README FOR "Variable Selection with Scalable Bootstrapping in Generalized Linear Model for Massive Data"
Manuscript ID: JDS2202-010

Contact Info: Zhang Zhang 
Please send any questions to zzruc@ruc.edu.cn 

Code to reproduce simulation results are located in this folder.


#######################################################################################
# Simulations are stored in the /code and data/ directory.
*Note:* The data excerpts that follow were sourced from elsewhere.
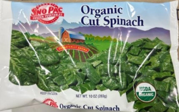 The FDA reported that Sno Pac Foods (Caledonia, MN), recalled Del Mar 35 LB Bulk Organic Frozen Spinach and Sno Pac 10 oz Organic Frozen Cut Spinach because they have the potential to be contaminated with Listeria monocytogenes. The recalled Frozen spinach was distributed nationwide in retail stores and through distributors. No illnesses have been reported to date in connection with this problem. A bulk case of spinach from their supplier was tested and found to be positive for Listeria monocytogenes. It belonged to the same lot code used to repack the Sno Pac Organic Frozen Cut Spinach into 10 oz packages. The production of the product has been suspended while the company continues to investigate the source of the problem. @ https://www.fda.gov/safety/recalls-market-withdrawals-safety-alerts/sno-pac-foods-recalls-del-mar-35-lb-bulk-frozen-spinach-and-10-oz-organic-frozen-cut-spinach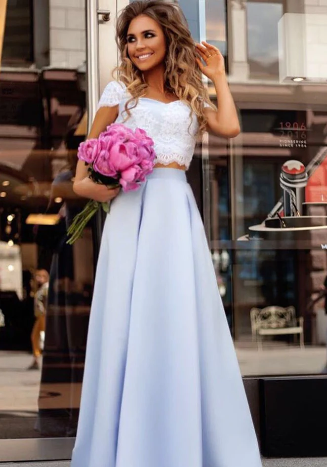 Cheap Light Blue Satin Two Piece Lace Top Floor Length Prom Dresses OK891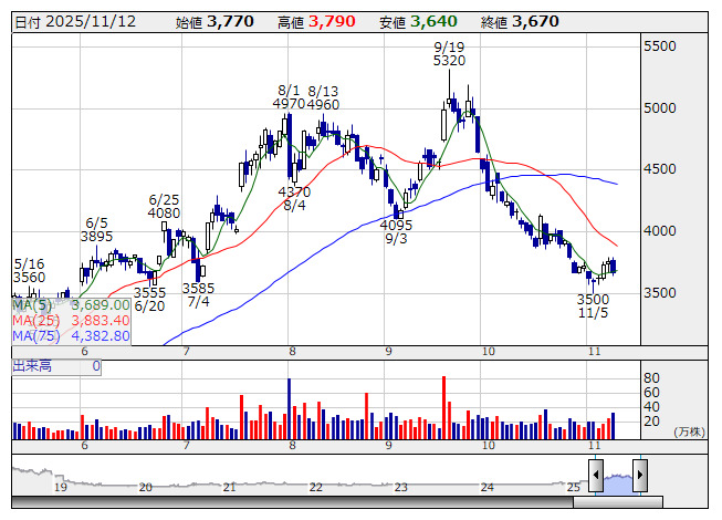 7806>に物色人気集中、カイ気配スタートで急反騰しフシ目の4000円大台復帰をうかがう展開となっている。美容、健康関連機器の開発・販売を手掛けるファブレスメーカーで足もとの業績は絶好調に推移している。11日取引終了後、25年9月期の決算を発表、営業利益は前の期比3.3倍となる106億6500万円と急拡大し過去最高利益を大幅に更新した。また、26年9月期についても収益拡大基調に陰りはみられず、同利益は前期比22%増の130億円と大幅増益で連続過去最高更新を見込む。好業績を背景に株主還元も強化し、前期年間配当を従来計画に7円増額となる25円(前の期実績は13円)としたほか、今期は更に5円増配となる30円を計画しており、これも株価を強く刺激する格好となっている。

From here on out it is assumed that we will be working in this directory.

- 01 lasso_lm_beta=1.R
This code will generate folder "01 results_lasso_lm_p=35_beta=1" and estimated coefficients beta and time for BootVS and BLBVS with corresponding gamma value under the setting in Example 1 will be write as .csv files into this folder.

plotConverge.R and plotCutoff.R will read these .csv files to plot. 
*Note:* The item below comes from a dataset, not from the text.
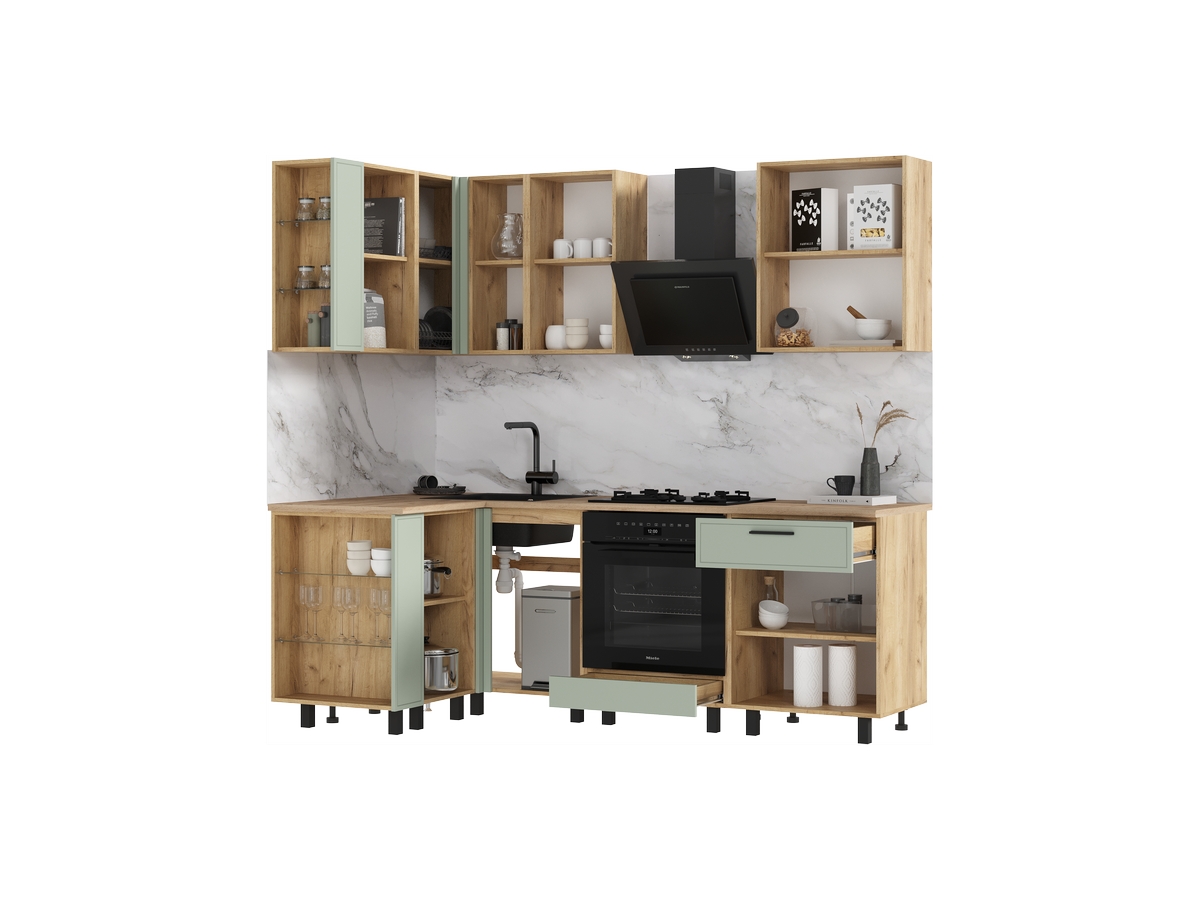 - Кухня Бьянка 1,2*2,2 м Олива софт, Дуб Крафт

- 02 lasso_logistic_beta=1.R
Similar as 01 lasso_lm_beta=1.R except the setting is Example 2.

- 03 grplasso_lm_beta=1.R
Similar as 01 lasso_lm_beta=1.R except the setting is Example 3.

- 04 grplasso_logistic_beta=1.R
Similar as 01 lasso_lm_beta=1.R except the setting is Example 4.

- 05 Heatmap_lasso_lm_beta=1.R
This code will generate folder "05 Heatmap_lasso_lm_beta=1".

- 06 heatmap_grplasso_logistic_beta=1.R
This code will generate folder "06 Heatmap_grp_logistic_beta=1".

- 07 lasso_lm_beta=1_parallel.R
Similar as 01 lasso_lm_beta=1.R except the setting is Section 4.


- functions_refit_bic.R
This file contains all the helper functions for simulations and real data application.

- hmplot.R
This file will read .csv files in folder "05 Heatmap_lasso_lm_beta=1" and "06 Heatmap_grp_logistic_beta=1" to plot heatmap graph.

#######################################################################################
REAL DATA APPLICATION

- 08 bikeshare.R
This code will generate folder "08 results_bike" and estimated coefficients beta and time for BootVS and BLBVS with corresponding gamma value will be write as .csv files into this folder.

- bikehour.csv: This is the bike sharing dataset.

##
- 09 lendingClub.R
This code will generate folder "09 results_loan" and estimated coefficients beta and time for BootVS and BLBVS with corresponding gamma value will be write as .csv files into this folder.


- lc16_19_sample2000.csv: Please note the original lending club dataset is too huge to share. So we randomly select 2000 observations to share here. The original lending club dataset is publicly available.